**Data block:**
########################################

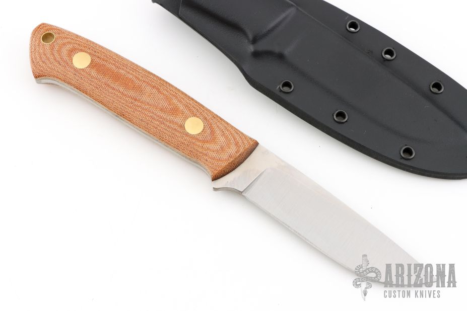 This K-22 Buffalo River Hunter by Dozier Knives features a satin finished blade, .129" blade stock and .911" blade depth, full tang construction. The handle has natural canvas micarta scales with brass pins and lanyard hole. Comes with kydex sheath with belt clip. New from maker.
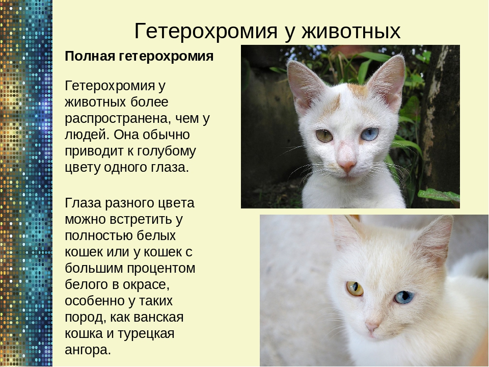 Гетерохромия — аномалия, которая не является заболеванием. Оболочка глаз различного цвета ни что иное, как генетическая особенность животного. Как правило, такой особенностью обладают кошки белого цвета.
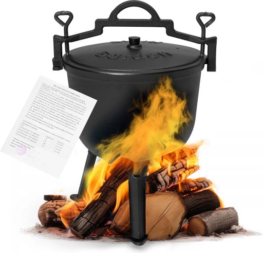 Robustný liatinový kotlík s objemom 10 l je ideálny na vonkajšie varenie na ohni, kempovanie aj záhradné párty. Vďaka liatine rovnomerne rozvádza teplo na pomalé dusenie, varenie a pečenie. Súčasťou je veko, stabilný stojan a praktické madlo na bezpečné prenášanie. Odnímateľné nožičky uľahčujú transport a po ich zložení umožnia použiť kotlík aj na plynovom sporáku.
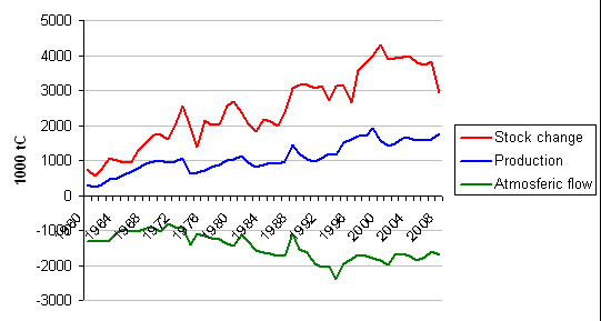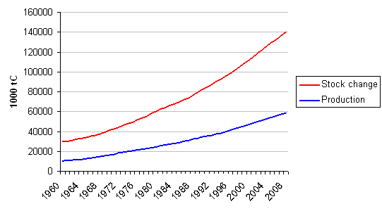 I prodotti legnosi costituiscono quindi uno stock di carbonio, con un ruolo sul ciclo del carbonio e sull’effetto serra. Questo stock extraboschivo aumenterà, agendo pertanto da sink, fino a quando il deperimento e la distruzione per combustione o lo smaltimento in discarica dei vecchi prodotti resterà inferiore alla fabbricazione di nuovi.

########################################

**Problem:** Write out the data once more exactly, omitting the pictures.

**Worked solution:**
 This K-22 Buffalo River Hunter by Dozier Knives features a satin finished blade, .129" blade stock and .911" blade depth, full tang construction. The handle has natural canvas micarta scales with brass pins and lanyard hole. Comes with kydex sheath with belt clip. New from maker.
 Гетерохромия — аномалия, которая не является заболеванием. Оболочка глаз различного цвета ни что иное, как генетическая особенность животного. Как правило, такой особенностью обладают кошки белого цвета.
 Robustný liatinový kotlík s objemom 10 l je ideálny na vonkajšie varenie na ohni, kempovanie aj záhradné párty. Vďaka liatine rovnomerne rozvádza teplo na pomalé dusenie, varenie a pečenie. Súčasťou je veko, stabilný stojan a praktické madlo na bezpečné prenášanie. Odnímateľné nožičky uľahčujú transport a po ich zložení umožnia použiť kotlík aj na plynovom sporáku.
 I prodotti legnosi costituiscono quindi uno stock di carbonio, con un ruolo sul ciclo del carbonio e sull’effetto serra. Questo stock extraboschivo aumenterà, agendo pertanto da sink, fino a quando il deperimento e la distruzione per combustione o lo smaltimento in discarica dei vecchi prodotti resterà inferiore alla fabbricazione di nuovi.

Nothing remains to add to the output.